All posts by Darrell

FWOTW: psychoheresy-aware.org

This week’s selection is chock full of goodness from a couple who’s goal in life is apparently stopping people from getting mental health treatment from licensed professionals. Evidently ‘read your Bible more’ is a valid treatment for schizophrenia. Who knew?

Check any fundy pastor’s library and more times than not you’ll find a copy of their book Psychoheresy gracing his shelves. It’s a rule of thumb that any system of belief that involves a person’s problems being directly related to them not being good enough (or praying enough, or fasting enough, or giving enough) is going to find fans in fundamentalism. The are no victims, only sinners.

Don’t miss their online books, position papers, and a Q&A section that is downright scary.

Camps Redux

This quote sums up the state of fundamentalist rival camps so very well that I decided to post it here without further comment.

One of the many things that trouble the Independent Baptists is our camp mentality.Somehow or another, through the desire to be separated and consecrated, we’ve ‘separated’ and ‘consecrated’ ourselves into our own independent camps. For instance; there’s the Shouting & Running The Aisles Camp, and the Non-Shouting & Running The Aisles Camp; then there’s the Southern Gospel Music Camp and the Bluegrass Gospel Music camp, and in opposition to them we have the Conservative Music Camp; and let’s not forget the camp that says it’s OK to have a Mission Board, and the Camp which thinks Mission Boards are of the Devil; the Anti-Horn-Rimmed Glasses Camp; or how about the Camp that allows the use of bass guitars & drums in the church, and the opposing Camp who cuts off fellowship with all such; and then the Camp who teaches that every believer should remember the very day and hour of their conversion, and the Camp who teaches that it’s not necessary; and of course the Get Rid Of Your TV Camp side by side with the TV is OK camp. Space constraints limit me from mentioning the Seminary Trained & the Anti-Seminary Campss, the Textus Receptus Camp, and the KJV1611-Only Camp; the Anti-Bus Ministry Camp; the Harold Sightler Camp, the Anti-Mustache Camp, the Ruckman Camp, the Hyles-Anderson Camp; the 1-2-3-Repeat-After-Me Soul-Winner Camp, the Anti-Divorced & Remarried Minister Camp, etcetera, etcetera.

The Errors of Independence, Mitch Allman

Well said.

Running the Aisles

Although Wikipedia identifies ‘running the aisles‘ as a Pentecostal or Holiness tradition it does show up in certain fundamentalist circles as well. To be fair, this sort of thing is usually reserved for Sammy Allen-style ‘camp meeting’ gatherings of the whoopin’ hollerin’ and tree-climbin’ variety. Still, for pure entertainment value it’s hard to beat. Be sure to keep an eye on the baptistry…

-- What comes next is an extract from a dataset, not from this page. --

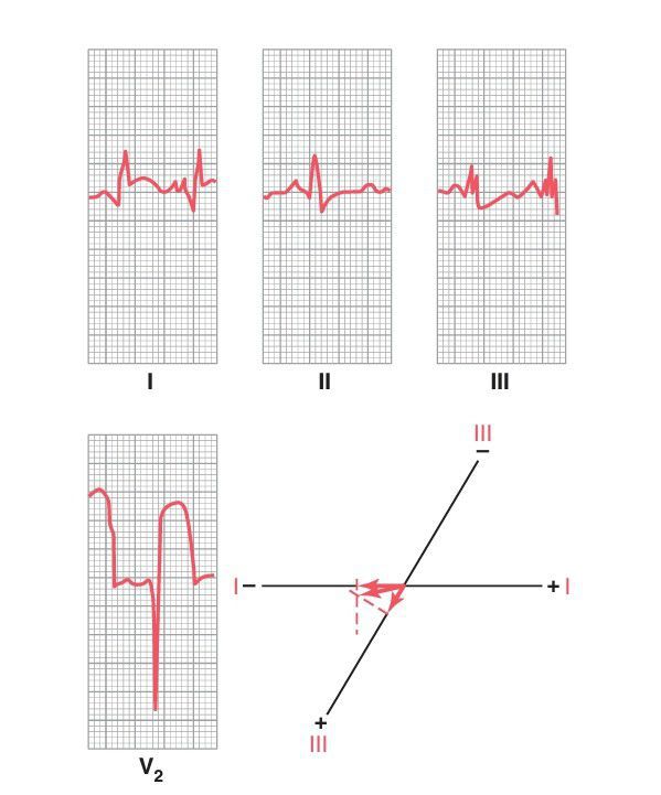 Current of injury in acute anterior wall infarction. Note the intense injury potential in lead V2

(thanks to Kitty for the link)

Outcome-Based Justification

No matter how dangerous, how silly, or how obsolete a fundy’s plan for evangelism may be, the justification is always the same: “If only one person gets saved, it’s all worth it.”

So what if the church van has four bald tires and hasn’t had a tune-up since 1978? We’re going to drive these 8 teens the 1400 miles to Mexico anyway.  If we can get one person saved, the risk of death is all worth it.

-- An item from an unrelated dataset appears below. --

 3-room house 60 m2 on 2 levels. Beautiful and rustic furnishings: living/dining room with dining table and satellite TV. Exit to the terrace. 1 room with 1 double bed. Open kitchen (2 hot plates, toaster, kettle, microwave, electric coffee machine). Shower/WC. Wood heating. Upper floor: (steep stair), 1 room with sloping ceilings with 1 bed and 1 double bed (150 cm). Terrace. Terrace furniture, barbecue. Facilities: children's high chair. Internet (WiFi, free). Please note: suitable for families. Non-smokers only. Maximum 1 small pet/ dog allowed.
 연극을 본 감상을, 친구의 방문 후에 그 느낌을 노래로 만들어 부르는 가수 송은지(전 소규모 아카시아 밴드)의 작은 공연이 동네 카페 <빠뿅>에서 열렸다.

Look, we may be serving those VBS kids snacks that expired in Clinton administration…but if between bouts of throwing up one of them gets saved, it’s all worth it!

We spent $148,987.50 on printing ten million copies of a gospel tract with three misspelled words and six verses taken completely out of context…but if one person gets saved from reading it, it was all worth it!

Every member of our church has been standing out on a street corner yelling gospel verses at traffic every weekend this year at a total cost of 85 man-hours, two citations for public disturbance, and a whole lot of dry cleaning. Not one person even slowed down that we know of…but if one person gets saved from from the seeds we planted, it was all worth it.

But what if it isn’t? What if the lost getting saved really isn’t really up to your efforts? And even assuming it totally depends on your evangelism antics, what if unsafe and antiquated methods drove a hundred people away in the process of winning one? That’s a net loss of ninety-nine souls in the process of winning one. Worth it?

Now I know that fundies who are reading this are going to accuse me of hating the lost and being too fat and lazy to get off my couch and go soul-winning. But if I have managed to make just one person re-think their approach to outreach…it was all worth it.